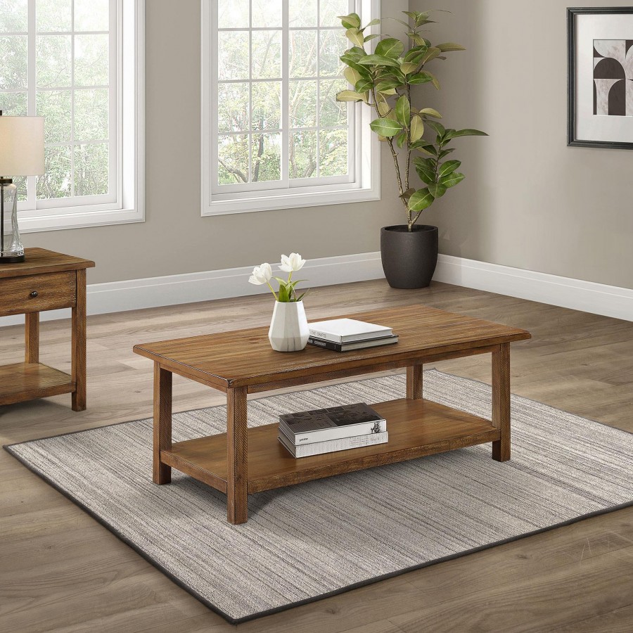 Elevate your living room with this coffee table set featuring a rectangular coffee table and an end table with a built-in drawer. Each piece is crafted from pine wood, engineered wood, and pine veneer for rustic flair and everyday practicality. The coffee table offers room for décor or snacks, while the end table provides discreet storage for essentials. This occasional table set effortlessly enhances farmhouse or casual interiors
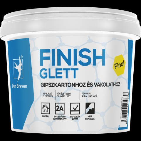 A Finish GLETT gipszkartonhoz és vakolathoz előre kevert paszta állagú termék, kiváló tapadószilárdsággal az aljzaton és levegőn száradó kiváló plaszticitással, alacsony szemcsetartalommal, repedésekkel szembeni nagyfokú ellenállóképességgel, mely gipszkarton lapok, falak és mennyezetek befejező kittelésére és fugázására szolgál. Alkalmazási terület: Kizárólag beltéri használatra, a falak egyenetlenségeinek kiegyenlítésére, régi és megrepedezett vakola
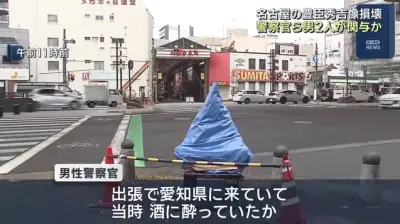名古屋・首折られた豊臣秀吉像、出張で来ていた愛媛県警の警察官らが関与か
◆ ◆ ◆ ◆
◆ **Your objective**: Retype precisely, and only, the lines from the one holding "A Finish GLETT" through the final line of the data above, with the pictures omitted.

◆ **Output of the exercise**:
 A Finish GLETT gipszkartonhoz és vakolathoz előre kevert paszta állagú termék, kiváló tapadószilárdsággal az aljzaton és levegőn száradó kiváló plaszticitással, alacsony szemcsetartalommal, repedésekkel szembeni nagyfokú ellenállóképességgel, mely gipszkarton lapok, falak és mennyezetek befejező kittelésére és fugázására szolgál. Alkalmazási terület: Kizárólag beltéri használatra, a falak egyenetlenségeinek kiegyenlítésére, régi és megrepedezett vakola
名古屋・首折られた豊臣秀吉像、出張で来ていた愛媛県警の警察官らが関与か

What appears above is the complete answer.